Infosec already has the issue to create costs instead of revenue¹. But firewalls and email filters can provide cold hard numbers of victory over the hordes of adversaries. Ten bazillion blocked cyberattacks per minute can't be argued with. This awareness thing on the other hand does not provide these beautiful cold hard numbers in such an impressive way, so let's keep it minimal and the employees on the productive side of things.

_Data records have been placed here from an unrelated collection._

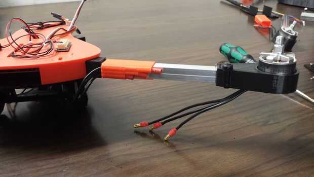 Ahora usted puede acortar el cable QBRAIN (sólo esto, porque tienes que probar la rotación del motor antes de acortar el cable del motor) mira la foto, usted puede cortar tanto como desee (Compruebe la longitud para cerrar y abrir el brazo), pero en este caso no puedo invertir el cable del motor si los desconecto. He intentado diseñar un fácil bloqueador de cable (no incluido) pero no estoy realmente satisfecho, tal vez un simple ziptie hará el trabajo mejor
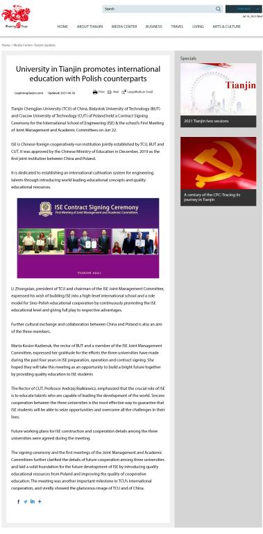 Tianjin Chengjian University (TCU) of China, Bialystok University of Technology (BUT) and Cracow University of Technology (CUT) of Poland held a Contract Signing Ceremony for the International School of Engineering (ISE) & the school’s First Meeting of Joint Management and Academic Committees on Jun 22.
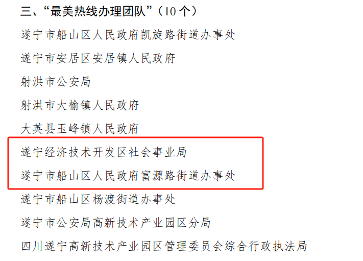 近期,由中共遂宁市委宣传部、遂宁市政府服务热线中心主办的“奋进新时代·争做最美热线人”评选结果出炉。经推荐报送、宣传展示和综合评审,最终评选出10名最美热线话务人员、10名最美热线办理人员、10个最美热线办理团队。其中,遂宁经开区社事局、富源路街道办事处获评“最美热线办理团队”。
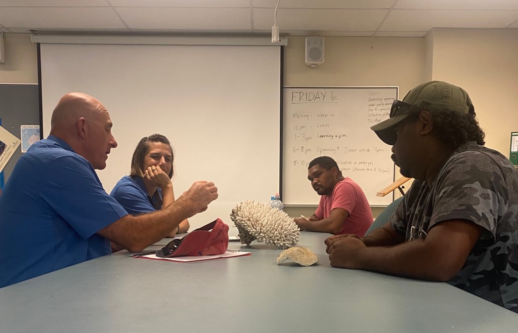 As well as our core Spawning School participants who either stayed on campus or came in daily from Cairns, we had some notable visitors. It was fantastic to have Yirrganydji Elder (Dr) Uncle Bernie Singleton come and give a Welcome to Country on the first day of Spawning School, and hear his stories about connections to the reef and growing up in Yarrabah.
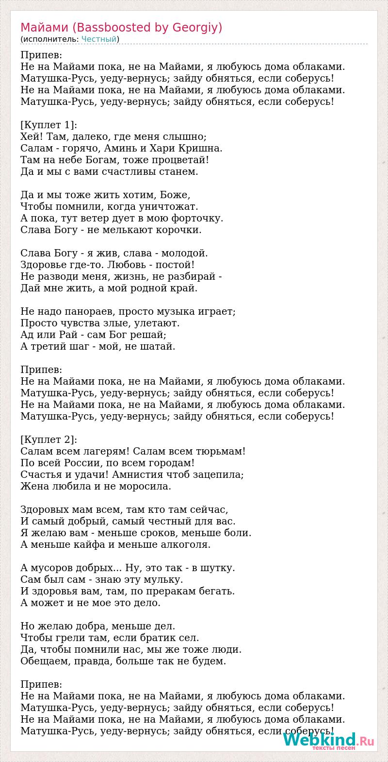 Припев: Не на Майами пока, не на Майами, я любуюсь дома облаками. Матушка-Русь, уеду-вернусь; зайду обняться, если соберусь! Не на Майами пока, не на Майами, я любуюсь дома облаками. Матушка-Русь, уеду-вернусь; зайду обняться, если соберусь! [Куплет 1]: Хей! Там, далеко, где меня слышно; Салам - горячо, Аминь и Хари Кришна. Там на небе Богам, тоже процветай! Да и мы с вами счастливы станем. Да и мы тоже жить хотим, Боже, Чтобы помнили, когда уничтожат. А пока, тут ветер дует в мою форточку. Слава Богу - не мелькают корочки. Слава Богу - я жив, слава - молодой. Здоровье где-то. Любовь - постой! Не разводи меня, жизнь, не разбирай - Дай мне жить, а мой родной край. Не надо панораев, просто музыка играет; Просто чувства злые, улетают. Ад или Рай - сам Бог решай; А третий шаг - мой, не шатай. Припев: Не на Майами пока, не на Майами, я любуюсь дома облаками. Матушка-Русь, уеду-вернусь; зайду обняться, если соберусь! Не на Майами пока, не на Майами, я любуюсь дома облаками. Матушка-Русь, уеду-вернусь; зайду обняться, если соберусь! [Куплет 2]: Салам всем лагерям! Салам всем тюрьмам! По всей России, по всем городам! Счастья и удачи! Амнистия чтоб зацепила; Жена любила и не моросила. Здоровых мам всем, там кто там сейчас, И самый добрый, самый честный для вас. Я желаю вам - меньше сроков, меньше боли. А меньше кайфа и меньше алкоголя. А мусоров добрых... Ну, это так - в шутку. Сам был сам - знаю эту мульку. И здоровья вам, там, по преракам бегать. А может и не мое это дело. Но желаю добра, меньше дел. Чтобы грели там, если братик сел. Да, чтобы помнили нас, мы же тоже люди. Обещаем, правда, больше так не будем. Припев: Не на Майами пока, не на Майами, я любуюсь дома облаками. Матушка-Русь, уеду-вернусь; зайду обняться, если соберусь! Не на Майами пока, не на Майами, я любуюсь дома облаками. Матушка-Русь, уеду-вернусь; зайду обняться, если соберусь!

This is compliant. And everybody is annoyed by it.

The Tech

It is easy to speak of expected behavior, when you know software very well. And I assume, it was easier before. For many people, whose occupation is not infosec (so, the vast majority of people), the differentiation between expected behavior of software, benign errors and malicious approach is not clear. It really doesn't help when legit software does weird stuff due to bad UX design or other. Or when a shipping company sends out the tracking link via tracking-[shipping-company].com. Use a subdomain for crying out loud!

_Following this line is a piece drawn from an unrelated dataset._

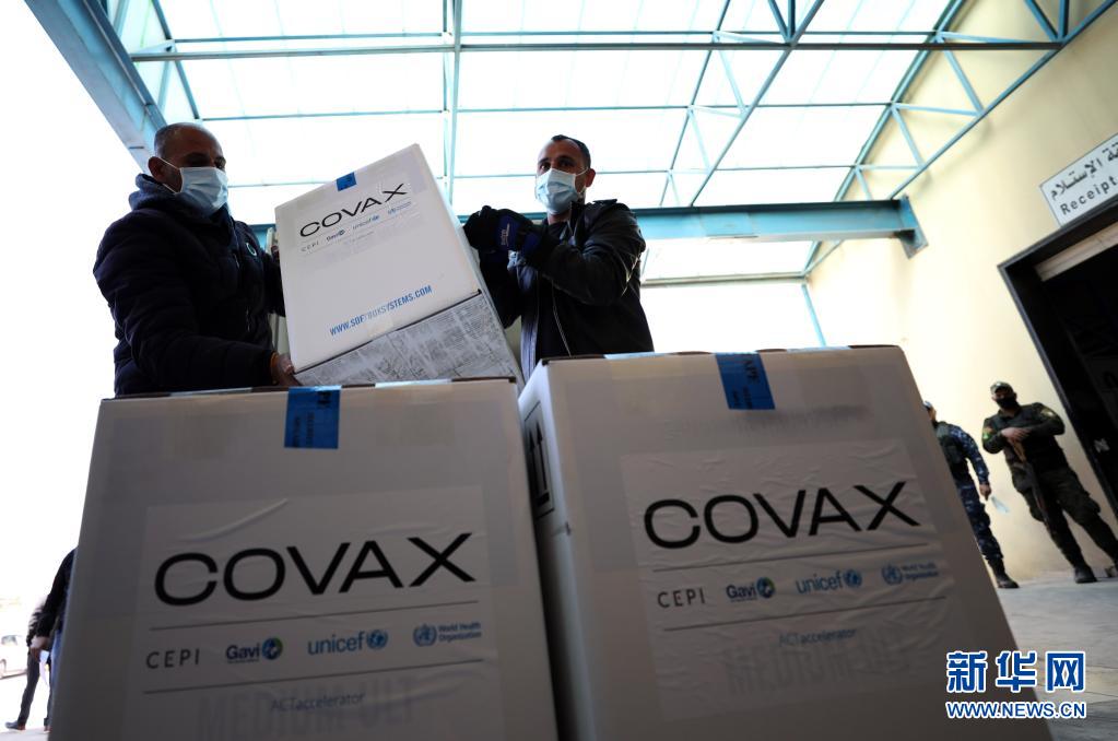 3月17日,在約旦河西岸城市納布盧斯附近的薩利姆鎮(zhèn),巴勒斯坦工作人員搬運通過世界衛(wèi)生組織主導的“新冠肺炎疫苗實施計劃(COVAX)”收到的新冠疫苗。新華社發(fā)(艾曼·諾巴尼攝)

And we cannot really expect people to know which software behavior is legit and which definitely is not. We should keep in mind that, again, most peoples occupation isn't tech, but accounting, marketing or legaling. And they have to keep up to date there as well. From their point of view, tech just has to work and do they get annoyed, when it doesn't. Yes, ransomware is bad, but …

And people are different. We mustn't expect all people to respond to out-of-the-box training and software of varying maturity the same way.

The Processes

I do like working with (C)ISOs. And I do like processes. Action and Omission. Do this, abstain from that. You want to do what? There's probably a policy for that. Look it up. But:

If the lips are talking and the feet are walking: watch the feet!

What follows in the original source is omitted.